• Dataset section:
━━━━━━━━━━━━━━━━

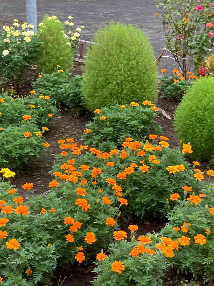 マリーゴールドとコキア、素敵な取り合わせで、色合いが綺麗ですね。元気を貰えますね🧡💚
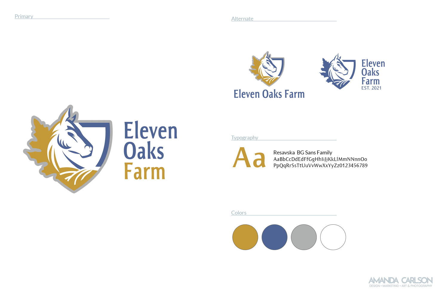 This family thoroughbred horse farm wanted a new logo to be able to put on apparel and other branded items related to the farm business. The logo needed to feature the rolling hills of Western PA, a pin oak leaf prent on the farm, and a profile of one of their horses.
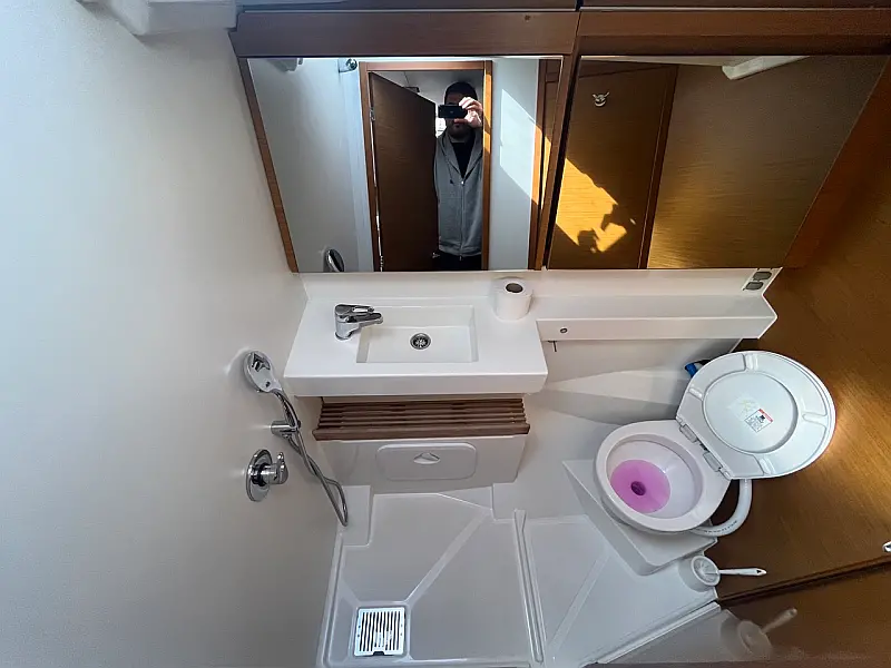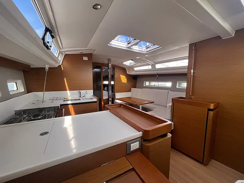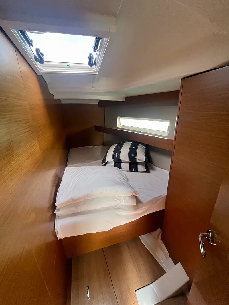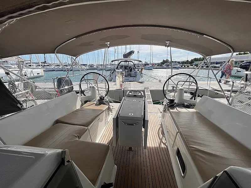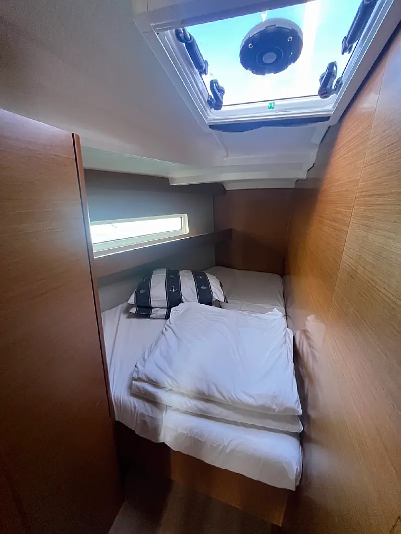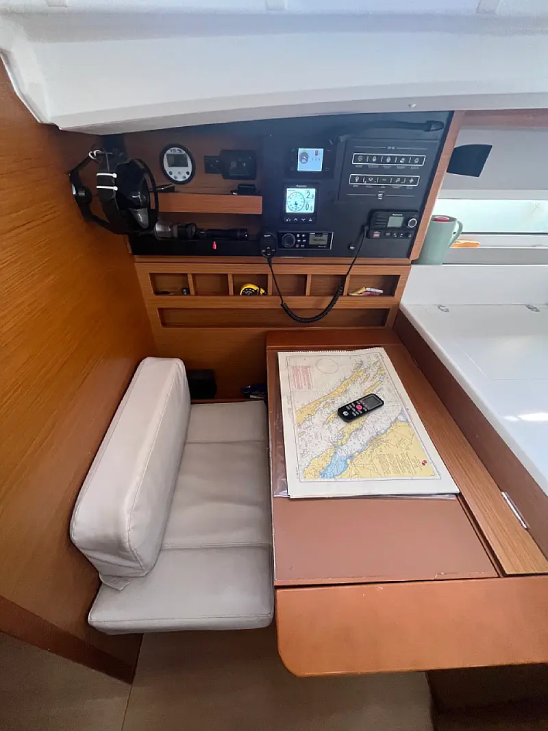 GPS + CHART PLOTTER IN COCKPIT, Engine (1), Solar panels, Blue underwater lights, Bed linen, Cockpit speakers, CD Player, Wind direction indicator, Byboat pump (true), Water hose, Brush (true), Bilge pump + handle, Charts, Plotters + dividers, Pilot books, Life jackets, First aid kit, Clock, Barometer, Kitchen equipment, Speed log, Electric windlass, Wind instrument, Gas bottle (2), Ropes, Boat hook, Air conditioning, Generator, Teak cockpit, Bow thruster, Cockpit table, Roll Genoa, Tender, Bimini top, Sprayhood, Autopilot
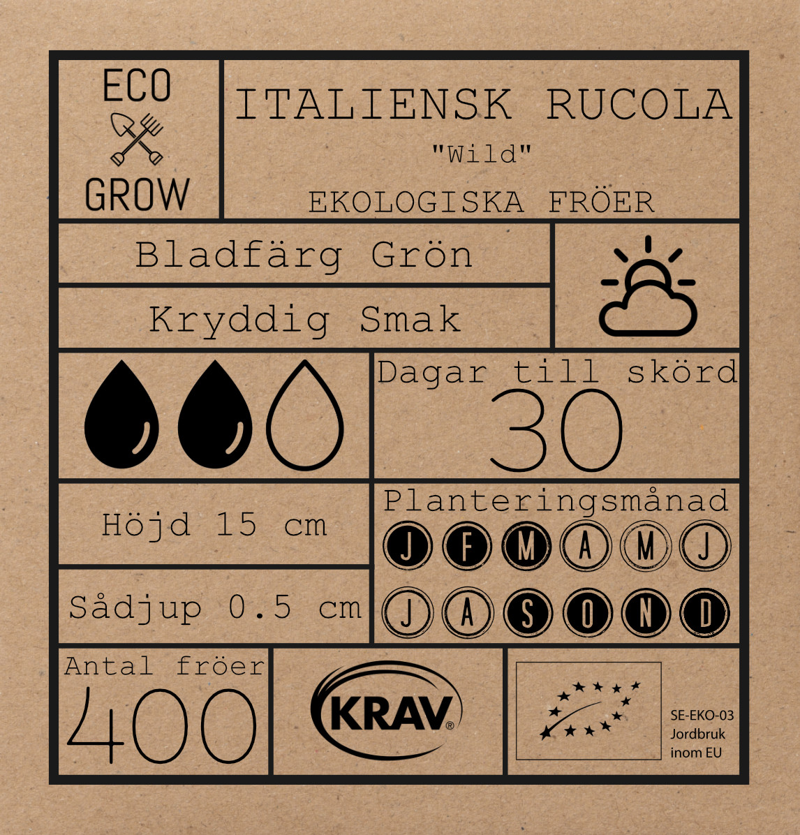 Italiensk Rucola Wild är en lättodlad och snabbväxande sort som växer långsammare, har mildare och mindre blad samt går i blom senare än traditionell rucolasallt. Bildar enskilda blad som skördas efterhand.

━━━━━━━━━━━━━━━━

• Description of the task:
Write out the line that contains "GPS + CHART" and every line after it to the end of the data, exactly as they stand. Omit the pictures.

• Written solution:
 GPS + CHART PLOTTER IN COCKPIT, Engine (1), Solar panels, Blue underwater lights, Bed linen, Cockpit speakers, CD Player, Wind direction indicator, Byboat pump (true), Water hose, Brush (true), Bilge pump + handle, Charts, Plotters + dividers, Pilot books, Life jackets, First aid kit, Clock, Barometer, Kitchen equipment, Speed log, Electric windlass, Wind instrument, Gas bottle (2), Ropes, Boat hook, Air conditioning, Generator, Teak cockpit, Bow thruster, Cockpit table, Roll Genoa, Tender, Bimini top, Sprayhood, Autopilot
 Italiensk Rucola Wild är en lättodlad och snabbväxande sort som växer långsammare, har mildare och mindre blad samt går i blom senare än traditionell rucolasallt. Bildar enskilda blad som skördas efterhand.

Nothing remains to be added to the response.